(Saved entries)
*** Block opens ***

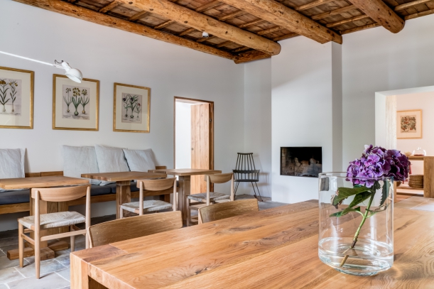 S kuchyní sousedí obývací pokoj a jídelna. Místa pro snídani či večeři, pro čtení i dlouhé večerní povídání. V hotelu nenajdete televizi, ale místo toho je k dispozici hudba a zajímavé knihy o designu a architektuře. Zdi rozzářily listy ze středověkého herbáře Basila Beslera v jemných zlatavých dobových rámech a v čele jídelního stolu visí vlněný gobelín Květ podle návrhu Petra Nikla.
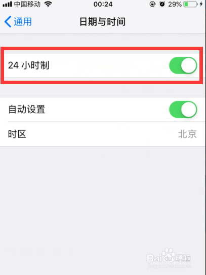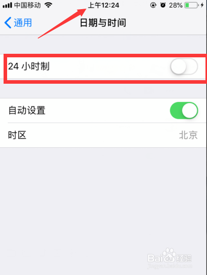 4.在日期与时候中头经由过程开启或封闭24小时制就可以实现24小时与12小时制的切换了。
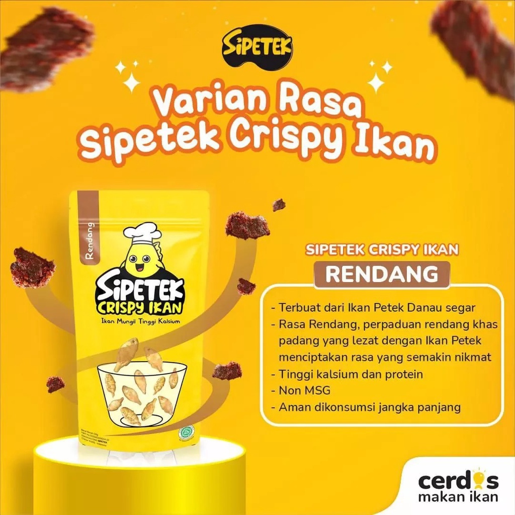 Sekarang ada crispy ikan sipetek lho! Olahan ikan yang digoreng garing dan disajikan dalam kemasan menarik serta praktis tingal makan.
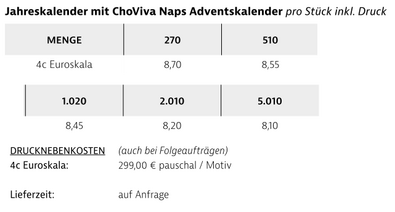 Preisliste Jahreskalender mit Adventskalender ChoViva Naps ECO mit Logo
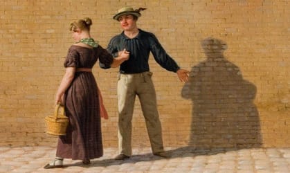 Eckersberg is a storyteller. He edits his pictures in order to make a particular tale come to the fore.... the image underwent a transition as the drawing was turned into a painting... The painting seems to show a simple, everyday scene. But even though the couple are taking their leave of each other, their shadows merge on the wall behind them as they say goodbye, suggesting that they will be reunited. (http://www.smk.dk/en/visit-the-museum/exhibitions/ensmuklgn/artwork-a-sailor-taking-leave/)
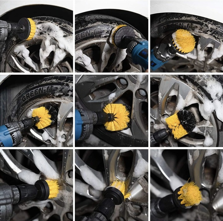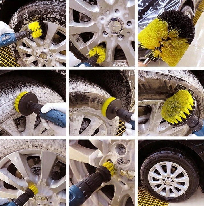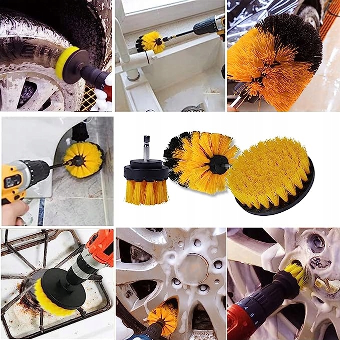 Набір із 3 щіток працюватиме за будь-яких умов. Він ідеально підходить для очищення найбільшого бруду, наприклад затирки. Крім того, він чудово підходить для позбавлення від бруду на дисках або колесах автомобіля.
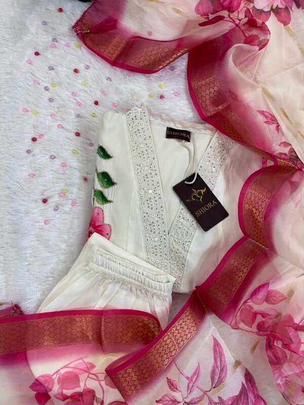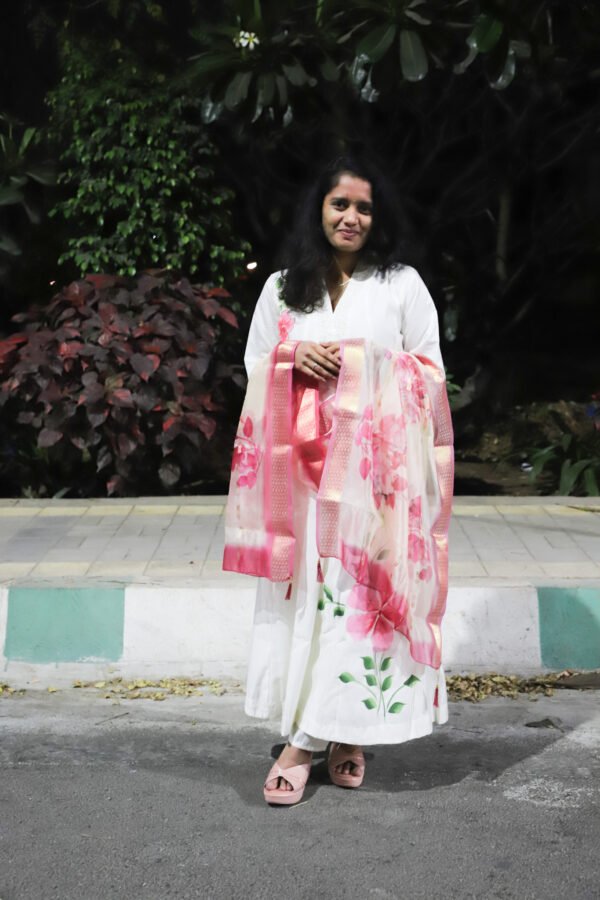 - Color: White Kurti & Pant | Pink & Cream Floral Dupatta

*** Block closes ***

When copying from the data above, begin at the line containing "4.在日期与时候中头经由过程" and end at the line containing "Preisliste Jahreskalender mit"; return those lines exactly and leave all pictures behind.

 4.在日期与时候中头经由过程开启或封闭24小时制就可以实现24小时与12小时制的切换了。
 Sekarang ada crispy ikan sipetek lho! Olahan ikan yang digoreng garing dan disajikan dalam kemasan menarik serta praktis tingal makan.
 Preisliste Jahreskalender mit Adventskalender ChoViva Naps ECO mit Logo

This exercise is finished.